YOUR TASK:
Quote, exactly, the line holding "Measure the bottom" and all lines after it to the end of the records below. Exclude pictures.

THE DATA:
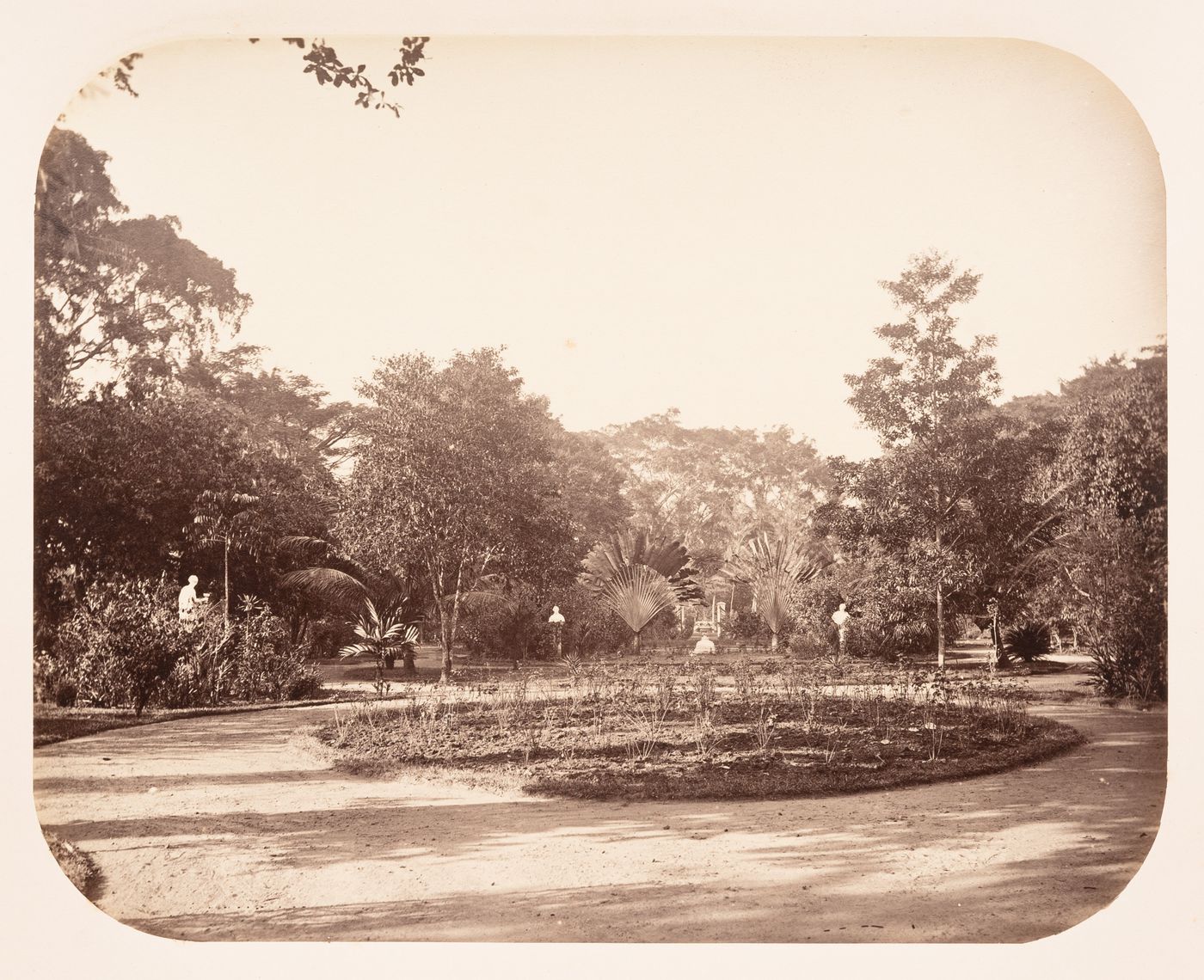 View of the garden of the house of the Resident of Batavia showing statues, Batavia (now Jakarta), Dutch East Indies (now Indonesia)
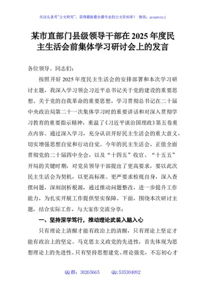 / 某市直部门县级领导干部在2025年度民主生活会前集体学习研讨会上的发言
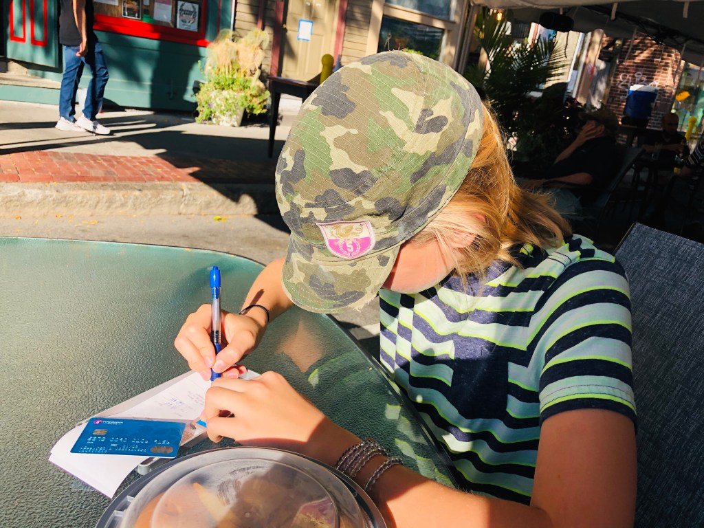 My schedule is so open today it doesn’t even appear on the weekly view of my Google Calendar. After some substantial adulting online and in person, Manmeat makes other plans and I take the kids. We head out to our favorite establishment for a treat in celebration of getting through this first week of school. Also Gavin’s great performance in baseball last night.
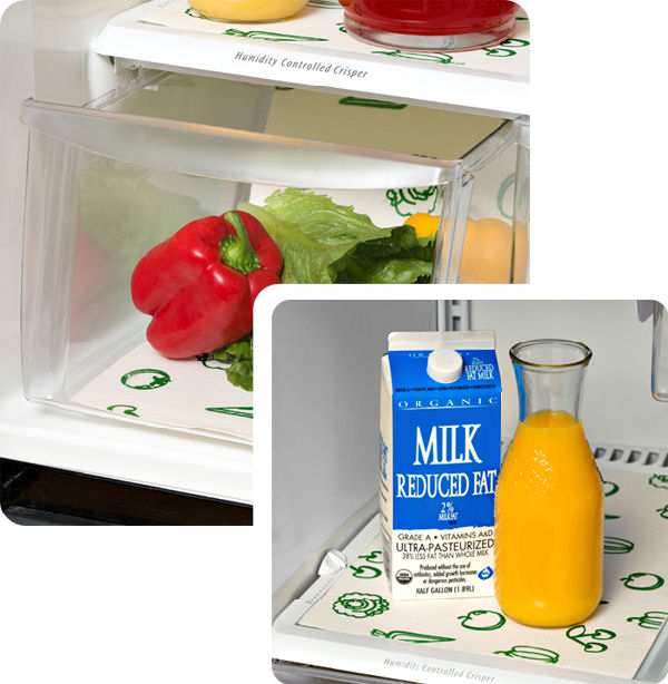 Measure the bottom of the refrigerator tray, shelf or drawer and cut liner to desired size. Place the liner on the bottom of the drawer or shelf. Fruits, vegetables and other containers should be placed on top of the liner.
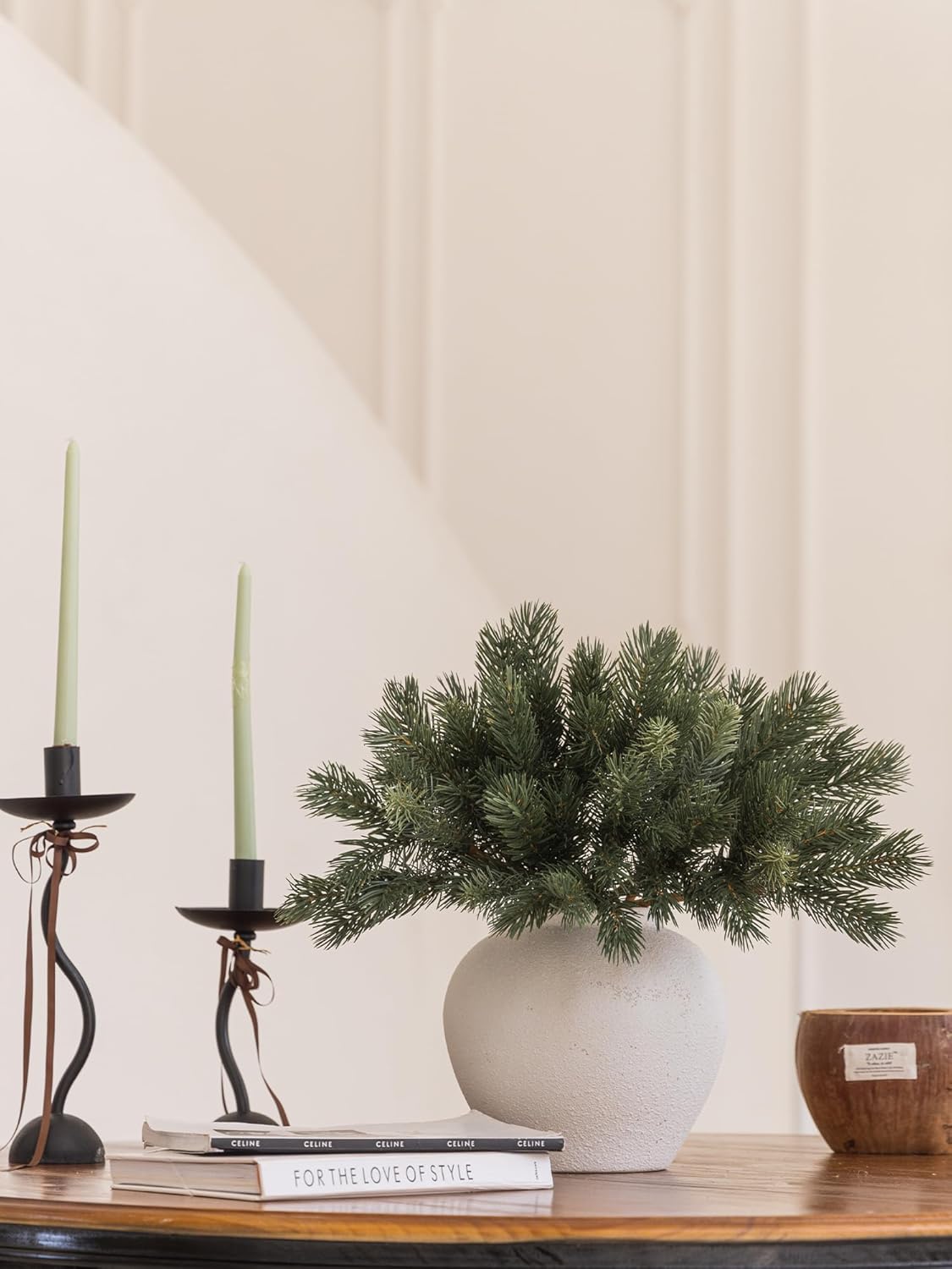 - 【Premium Quality and Natural Appearance】Crafted from high-quality PE, these branches mimic the natural green color of real cedar, offering both aesthetic beauty and durability. After opening the package, simply let the product air out for a few hours to eliminate any initial odor, ensuring a better experience. Note: Vase not included.
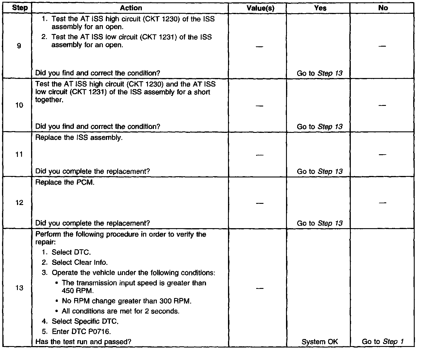 ^ The PCM stores the DTC P0716 in PCM history during the second consecutive trip, California, or the first trip, Federal in which the Conditions for Setting the DTC are met.
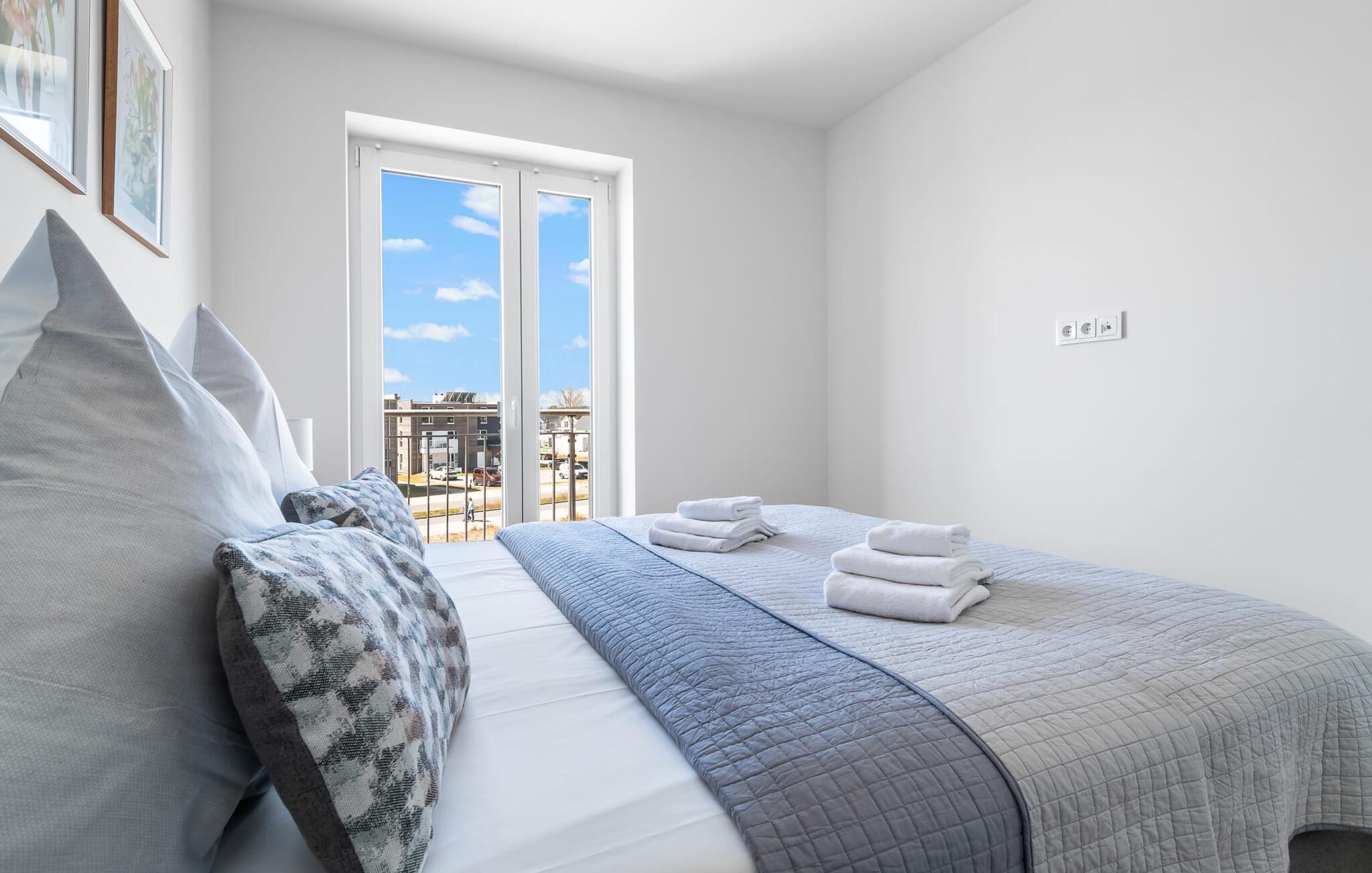 Das Hauptschlafzimmer bietet ein Doppelbett, das zweite Schlafzimmer ist mit zwei Einzelbetten ausgestattet. Ein weiterer Schlafplatz steht auf dem Schlafsofa im Wohnzimmer zur Verfügung.
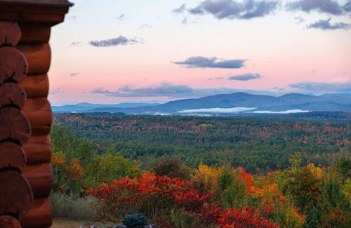 This stunning custom-built log cabin estate is nestled in the mountains, offering breathtaking million dollar views of majestic ranges & the serene waters of Kezar Lake. Watch unforgettable sunsets from your private paradise. This 4,500 sq ft home blends comfort, luxury, & tranquility—perfect for relaxation or adventure. Minutes from Pleasant Mountain ski area, hiking, & Kezar Lake activities, it’s a true escape for families and groups!
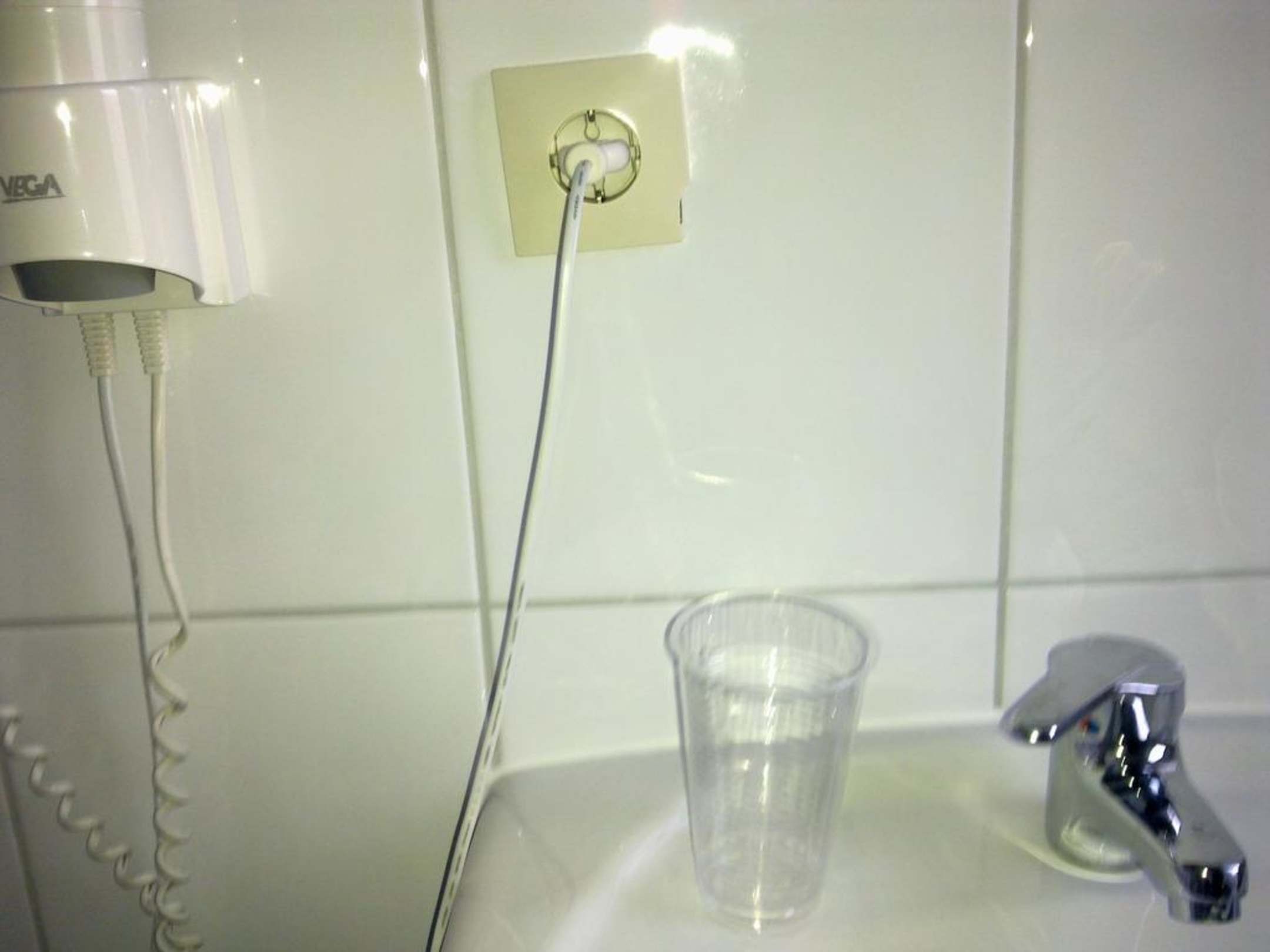 Plastikbecher im Bad!Das hatte ich auch noch nicht. Ein Plastikbecher im Bad. Die Steckdose in der Wand ist rechts unten defekt. Spritzt da Wasser rein gibts einen Kurzschluß - wenn man Glück hat !

ANSWER BOX:
 Measure the bottom of the refrigerator tray, shelf or drawer and cut liner to desired size. Place the liner on the bottom of the drawer or shelf. Fruits, vegetables and other containers should be placed on top of the liner.
 - 【Premium Quality and Natural Appearance】Crafted from high-quality PE, these branches mimic the natural green color of real cedar, offering both aesthetic beauty and durability. After opening the package, simply let the product air out for a few hours to eliminate any initial odor, ensuring a better experience. Note: Vase not included.
 ^ The PCM stores the DTC P0716 in PCM history during the second consecutive trip, California, or the first trip, Federal in which the Conditions for Setting the DTC are met.
 Das Hauptschlafzimmer bietet ein Doppelbett, das zweite Schlafzimmer ist mit zwei Einzelbetten ausgestattet. Ein weiterer Schlafplatz steht auf dem Schlafsofa im Wohnzimmer zur Verfügung.
 This stunning custom-built log cabin estate is nestled in the mountains, offering breathtaking million dollar views of majestic ranges & the serene waters of Kezar Lake. Watch unforgettable sunsets from your private paradise. This 4,500 sq ft home blends comfort, luxury, & tranquility—perfect for relaxation or adventure. Minutes from Pleasant Mountain ski area, hiking, & Kezar Lake activities, it’s a true escape for families and groups!
 Plastikbecher im Bad!Das hatte ich auch noch nicht. Ein Plastikbecher im Bad. Die Steckdose in der Wand ist rechts unten defekt. Spritzt da Wasser rein gibts einen Kurzschluß - wenn man Glück hat !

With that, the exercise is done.